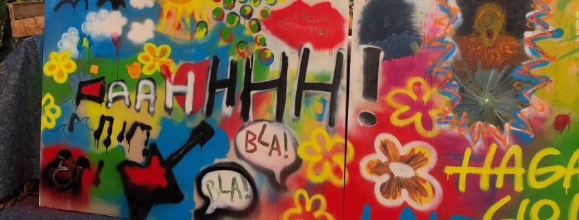 Die Künstlerin Marliina – die von sich selbst sagt, eine Synästhesistin zu sein – konnte man auch schon am Vormittag in einem Workshop erleben. Menschen unterschiedlichen Alters versuchten sich in Acryl- und Graffiti- Technik und erstellten so gemeinsam großformatige Bilder zu „Hagan lio – seid laut“, die am Abend auch zu besichtigen waren. Wer wollte, konnte sich also an diesem Tag mit vielen Sinnen berühren lassen.
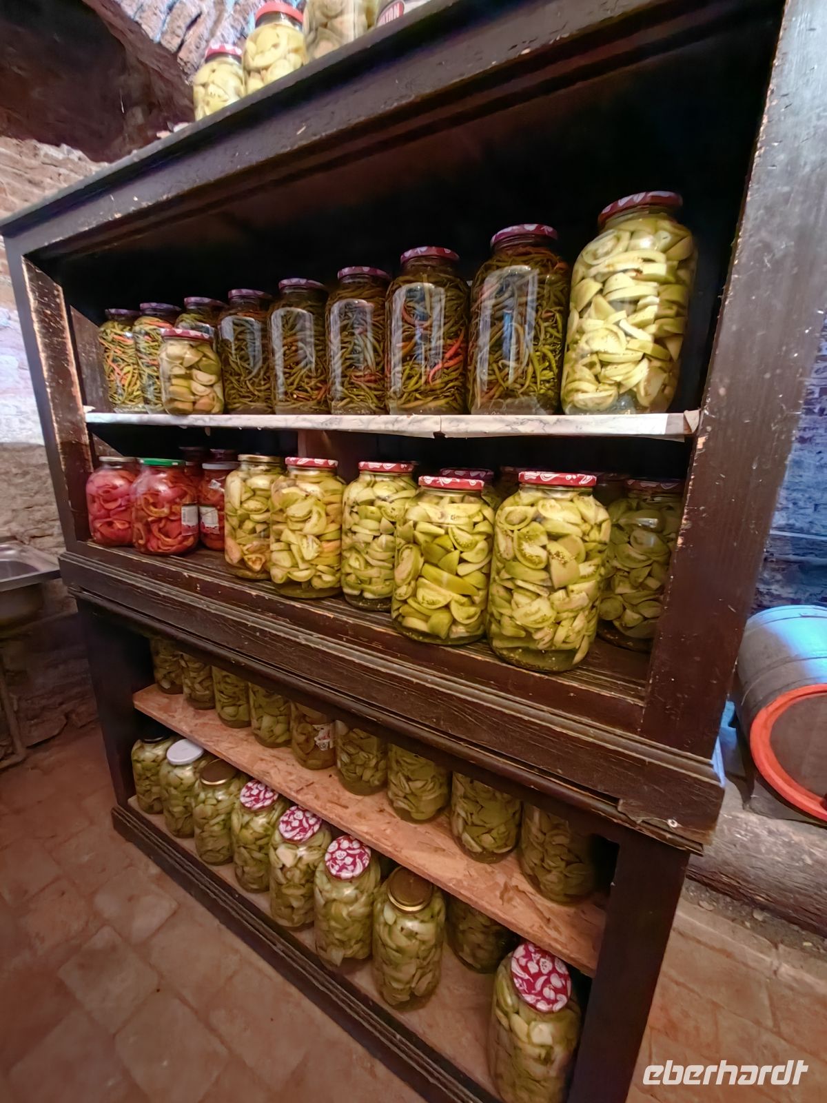 Am Nachmittag sind wir pflastermüde und uns steht der Sinn nach einer Weinprobe. Wir begeben uns nach Gallendorf, wo man uns im Weingut schon erwartet. Nachdem wir den Keller mit den riesigen Fässern inspiziert haben, verkosten wir einen weißen, einen rosé und einen roten Cuvee und Käsehäppchen und decken uns mit karamelisiertem Knoblauch, Trüffelcreme und Sacusca ein, bevor wir ins Hotel zurückkehren.
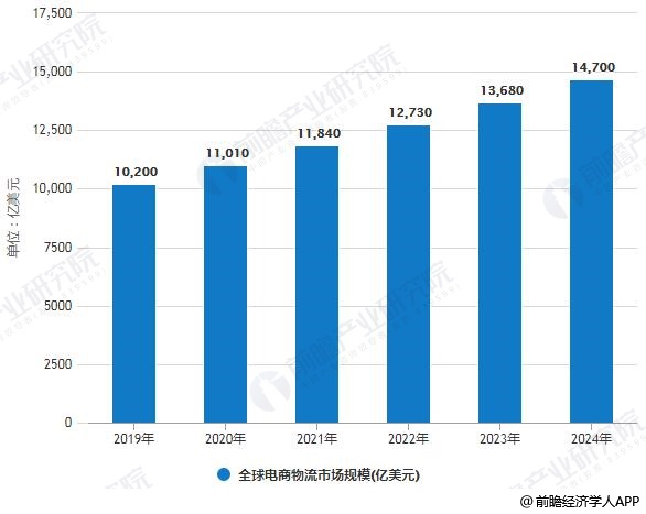 根据目前的全球电商物流的发展趋势来看,未来一段时间全球的电子商务将会出现结构性增长,东南亚、非洲等地方发展潜力巨大。根据前瞻产业研究院发布的《中国电商物流行业发展模式与投资战略规划分析报告》统计数据显示,2019年全球电商物流市场规模将突破万亿美元,达到10200亿美元,并预测在2024年全球电商物流市场规模将增长至14700亿美元左右。
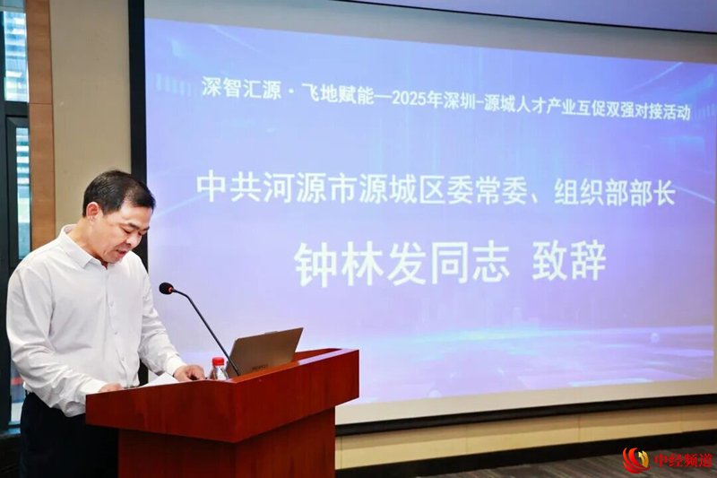 中经频道网10月17日电(申成勇 韩学艳 黄群展 发自深圳)为推动深圳与河源在人才、产业方面的深度融合与协同发展,贯彻落实省委省政府“百千万工程”及“百万英才汇南粤”部署要求,10月16日,由深圳人大代表人力资源产业联系点、中共河源市源城区委组织部等单位共同举办的“深智汇源·飞地赋能——2025年深圳、河源人才产业互促双强对接活动”在华南地区首个国家级人力源产业园——天安云谷成功举行。活动汇聚了深河两地政府部门、重点企业、高校科研机构及高层次人才代表。深圳市人大常委会代表工委主任杨云彪,龙岗区人大常委会代表工委主任陈霜,龙岗区坂田街道党工委副书记、人大工委主任刘习飞,龙岗区人力资源局副局长刘金洲,深圳市人大代表、深圳人大代表电子信息产业联系点召集人江微,深圳人大代表人力资源产业联系点副召集人林锐超以及河源市源城区委常委、组织部部长钟林发,深圳对口帮扶河源指挥部副总指挥长林劲民等领导出席。
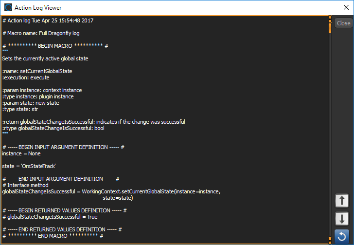 Choose Tools > Action Log Viewer to view the dialog shown below.

————

Problem requirements:
Beginning with the line holding "Am Nachmittag sind" in the material above, restate word for word each line through the line holding "根据目前的全球电商物流的发展", and exclude pictures.

Answer for the task:
 Am Nachmittag sind wir pflastermüde und uns steht der Sinn nach einer Weinprobe. Wir begeben uns nach Gallendorf, wo man uns im Weingut schon erwartet. Nachdem wir den Keller mit den riesigen Fässern inspiziert haben, verkosten wir einen weißen, einen rosé und einen roten Cuvee und Käsehäppchen und decken uns mit karamelisiertem Knoblauch, Trüffelcreme und Sacusca ein, bevor wir ins Hotel zurückkehren.
 根据目前的全球电商物流的发展趋势来看,未来一段时间全球的电子商务将会出现结构性增长,东南亚、非洲等地方发展潜力巨大。根据前瞻产业研究院发布的《中国电商物流行业发展模式与投资战略规划分析报告》统计数据显示,2019年全球电商物流市场规模将突破万亿美元,达到10200亿美元,并预测在2024年全球电商物流市场规模将增长至14700亿美元左右。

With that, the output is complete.